Short review: S. Berthoz, J.L. Armony, R.J.R. Blair, R.J. Dolan, An fMRI study of intentional and unintentional (embarassing) violations of social norms, Brain, 2002, Vol. 125, pp. 1696-1708.

Short review:

S. Berthoz, J.L. Armony, R.J.R. Blair, R.J. Dolan, An fMRI study of intentional and unintentional (embarassing) violations of social norms, Brain, 2002, Vol. 125, pp. 1696-1708.

1. Summary

(a)    Theses:

Thesis 1: Brain regions involved in the representation of the mental state of others (medial prefrontal cortex, temporo-parietal regions, temporal lobe) are activated during situations of violation of social norms.

Thesis 2: Processing social violations involves structures (lateral orbitofrontal and medial prefrontal cortices) associated with the representation of aversive emotional reactions in others, particularly others’ anger.

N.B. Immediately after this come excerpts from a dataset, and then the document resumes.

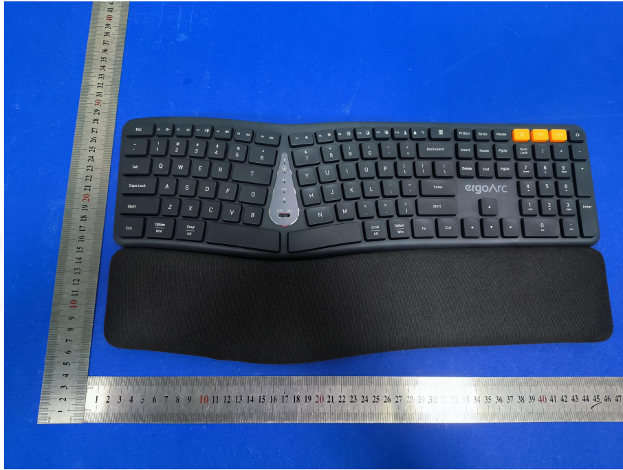
EUT Photo 2
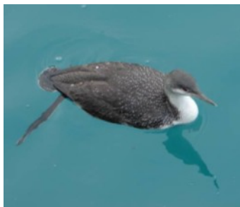
Red-throated Loon
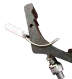
BRK2514 Patriot® II Adjustable Brake Claw for Fiat 500
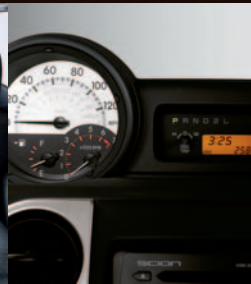
Standard Center-Mounted Speedometer and Tachometer
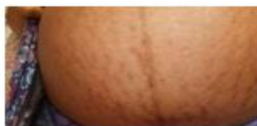
PUPPS AROUND STRECH MARKS ON ABDOMEN
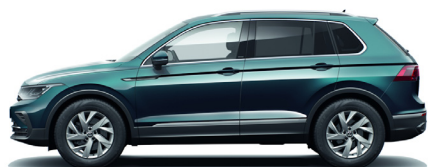
Nightshade Blue Metallic*
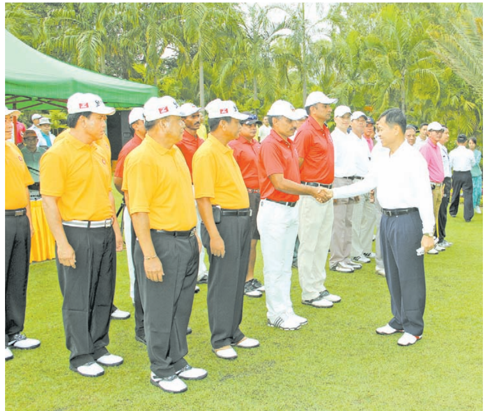
Vice-Senior General Soe Win greets golfers from four countries before golf friendly.—MNA

The meeting focused on bilateral cooperation between the two armed forces.—MNA
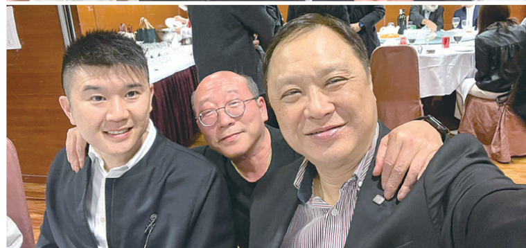
AGM & Annual Dinner

Recaps from my AGM speech include a call for the BSD's 1,646 professional building surveyors to help it strengthen its role in the market and society by followings four main practices:
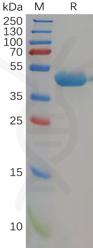
Figure 1. Human CD112 Protein, His Tag on SDS-PAGE under reducing condition.
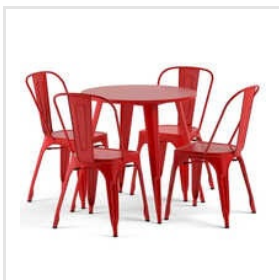
Cafe Table With Chair Set
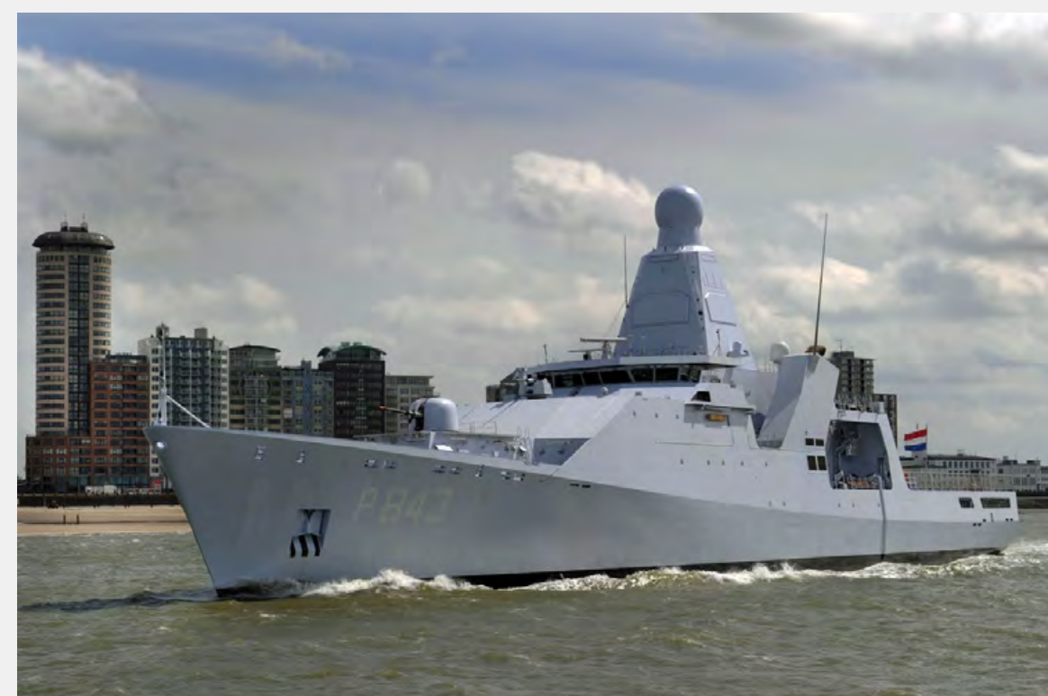
Zr. Ms. Groningen (2013)

CUSTOMER: Damen Schelde Naval Shipbuilding TYPE: Offshore Patrol Vessel (108.4 m) TYPE OF WORK: Newbuild SCOPE OF SUPPLY: Complete electrical systems integration, installing, supervising on site and commissioning.

(b)   Experimental setting:

Experiment 1: Four types of a personal (the story protagonist is ‘you’) and impersonal verbal material (the story protagonist is a character) were presented to the participants: (1) description of normal behaviour; (2) description of an embarassing situation for the story protagonist (unintentional transgression of the social norm); (3) description of a situation where the story protagonist’s behaviour is a violation of social norms (intentional transgression); (4) sentences of ‘unrelated words’. The participants were asked to rate: (1) how embarassing they thought the situation is; (2) how inappropriate they thought the behaviour is; (3) how funny they thought the story is. No difference between the personal and impersonal ratings was found.

Experiment 2: Normal stories were used as a reference condition to measure the activity of brain regions. Both violation of social norms and embarassing stories activated left medial, middle and inferior prefrontal gyrus, left orbitofrontal cortex, anterior and middle temporal lobe.

2. Critical comments

1)      The results doesn’t show, were there any differences in brain activity, when participants were dealing with personal and impersonal stories. This seems to be important because we can assume that personal violations of the social norms (both intentional and unintentional) can trigger increased activity in brain regions involved with representation of aversive emotional reactions in others as compared to the impersonal violations.

2)      The personal/impersonal distinction of the stories is questionable as experimental scenarios seem to describe situations where the action of the protagonist is rather voluntary or involuntary. Intentionality is only an element of voluntariness (others being: ability to recognize the important chararacteristics of the action, ability to control the action).